What was new in theatrical education of that period is the attention Urbanovich gave to photography and film, as instruments to record exercises and preserve them for future students. Photography turned the movement into a chain of “sequentially-static moments of main exercises”, as he wrote in a letter to Meyerhold (see Appendix 2). This required prior analysis of the exercises, which were either separate complex movements (such as shooting a bow or throwing a stone) or small theatre scenes, and studies. As an instrument of recording exercises, photography was a medium relevant to biomechanical exercises.

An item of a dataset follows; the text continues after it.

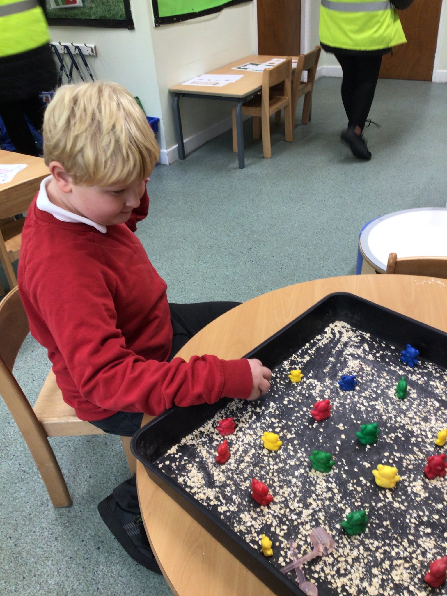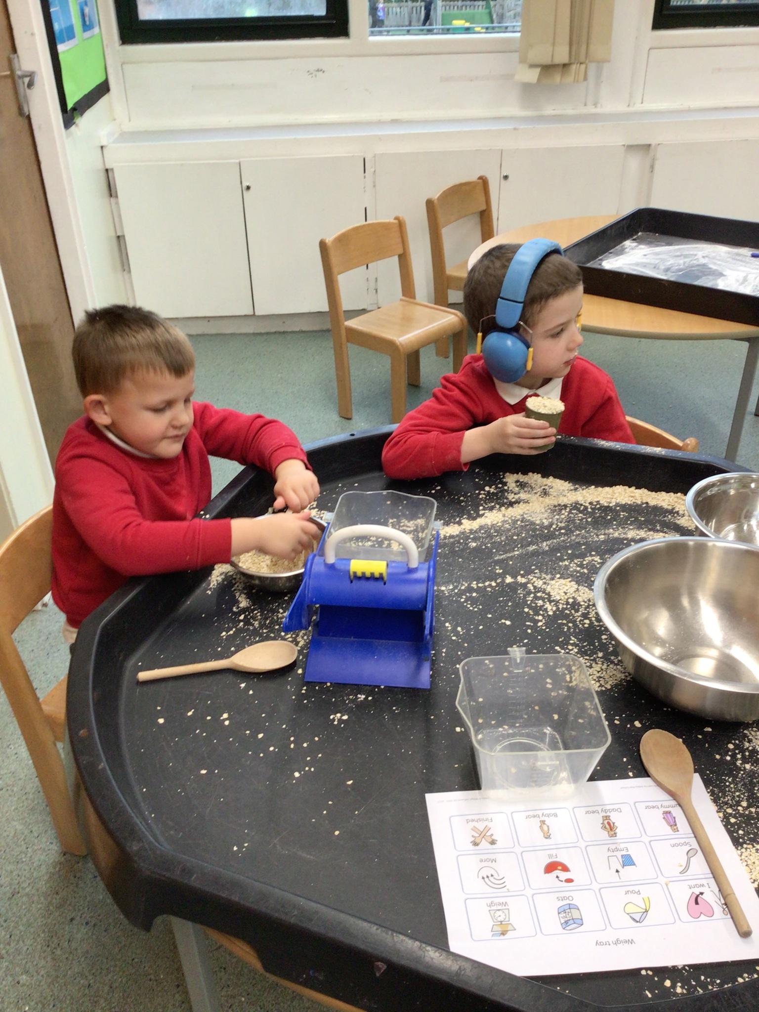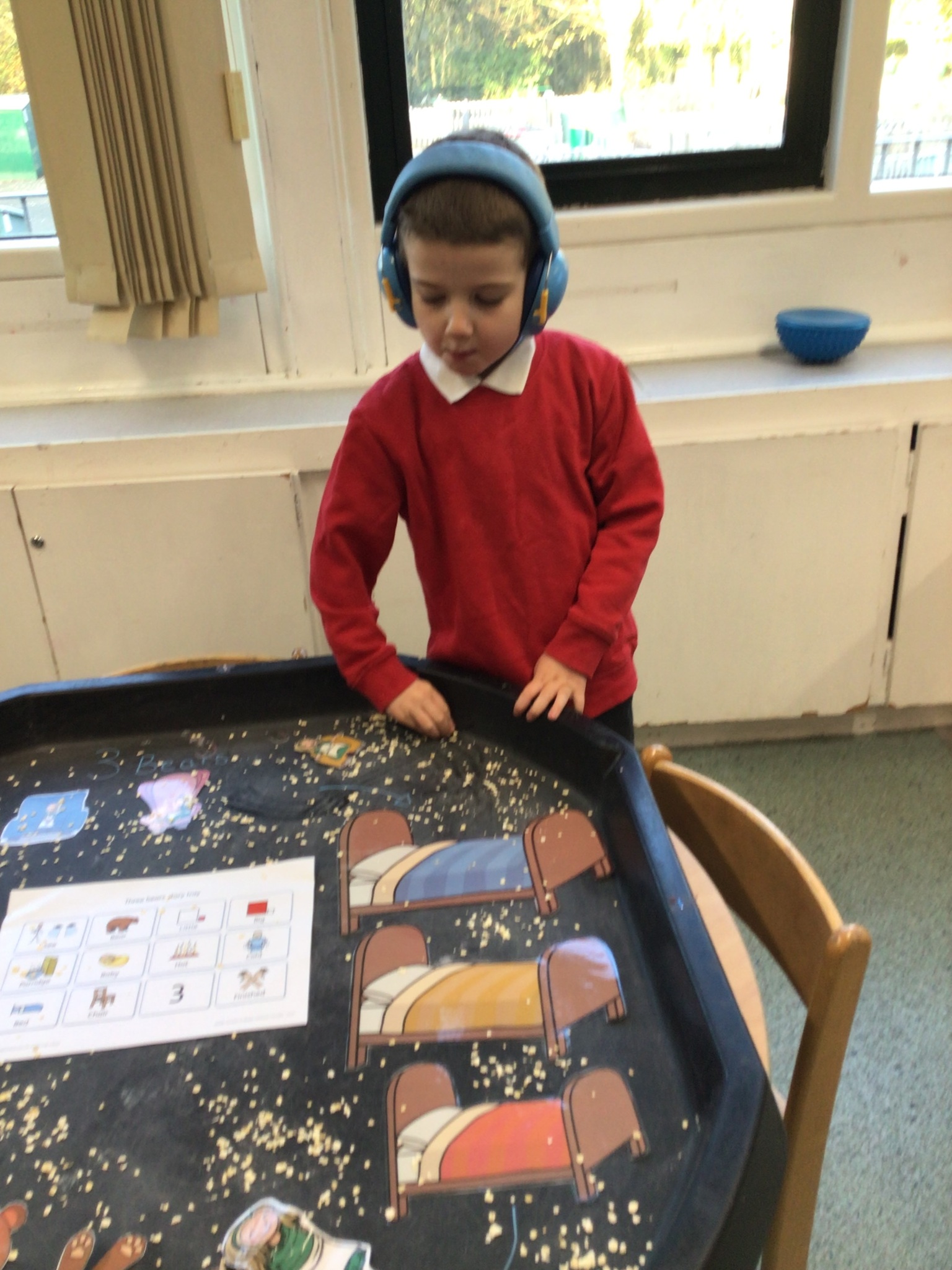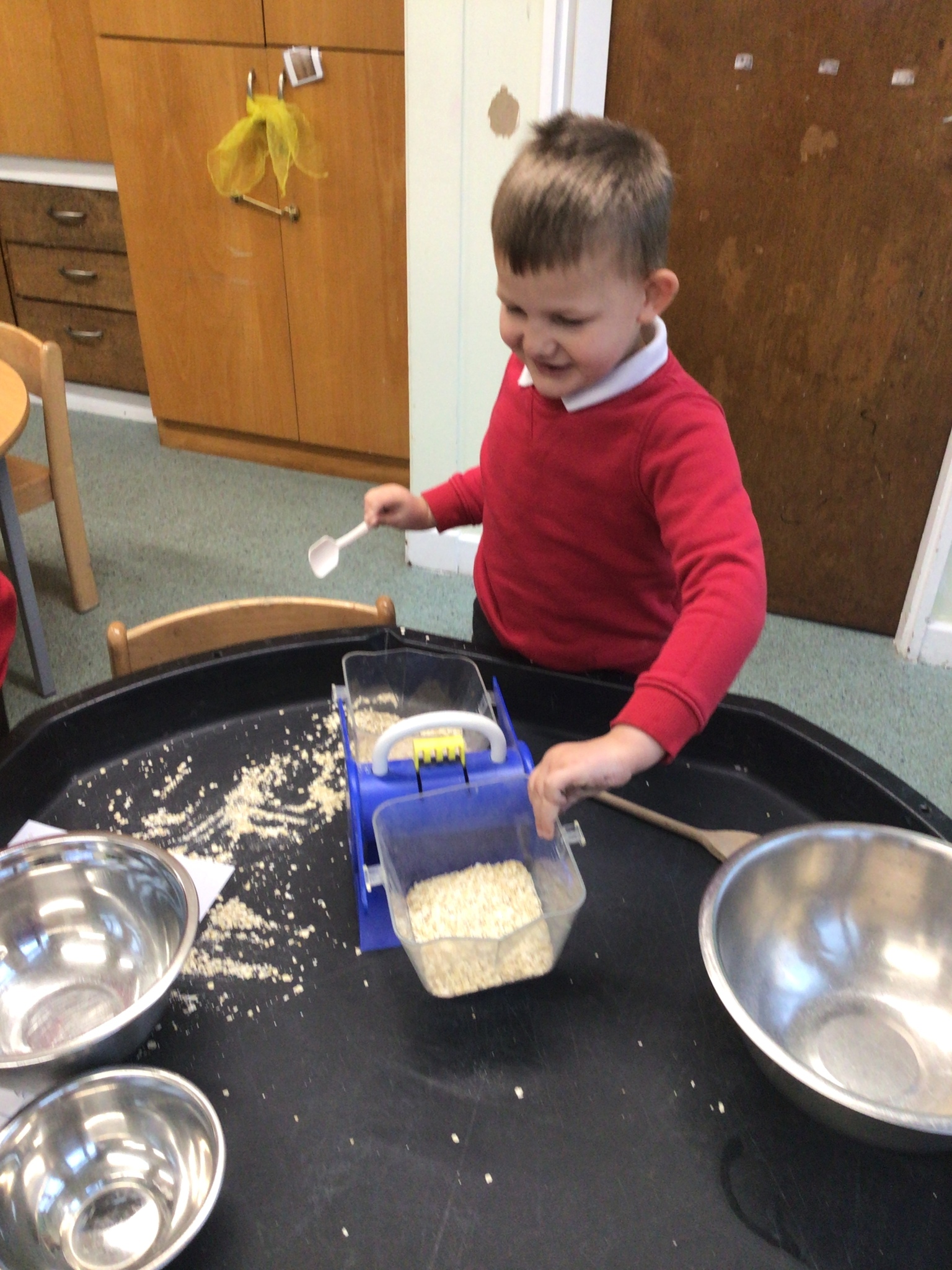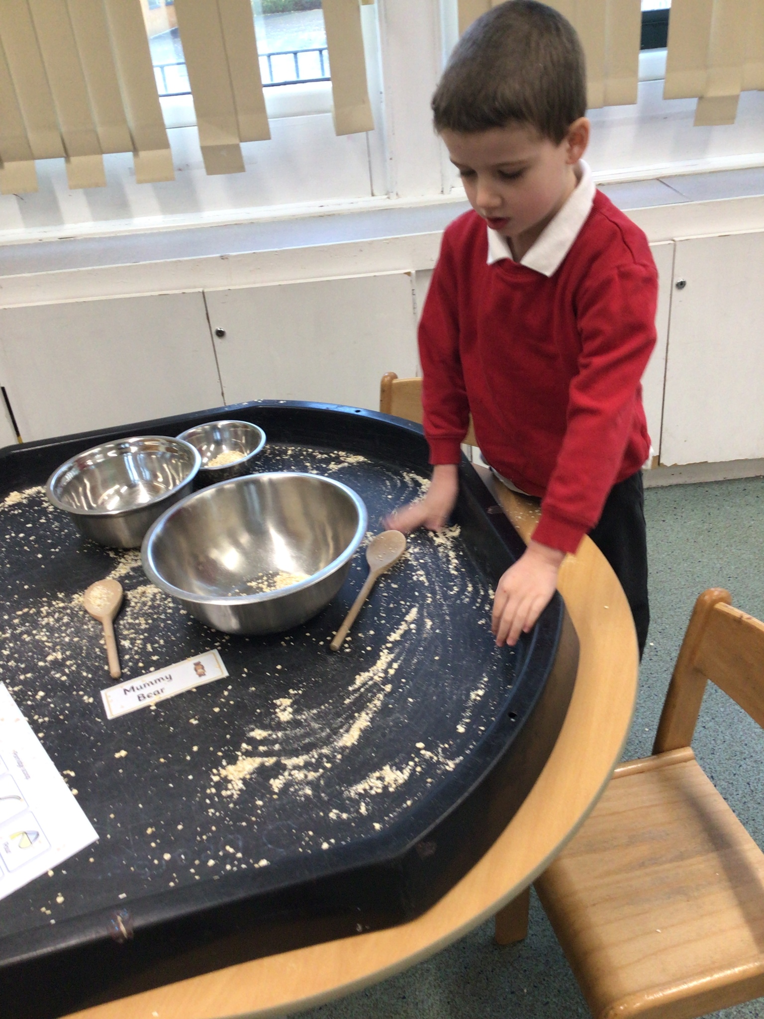 Another busy week in Beech class! This week we have continued to explore Goldilocks and the three bears. We enjoyed playing with oats, feeding the bears and retelling the story. During adult led activities we made more porridge, made marks with bear prints and created a bear face using paper plates.

Biomechanics can be seen as an analysis of expressive movements in practice. Each exercise was divided into parts, or “moments”, and a description of consecutive parts formed the so-called “title” (titul in Russian), like the content page of a book. The photographs corresponded to the list of movements in the “title”. In the early 1920s, together with actor and photographer Aleksei Temerin, Urbanovich worked on shooting biomechanical exercises, and thus created an archive of the earliest photo evidence of Meyerhold’s method.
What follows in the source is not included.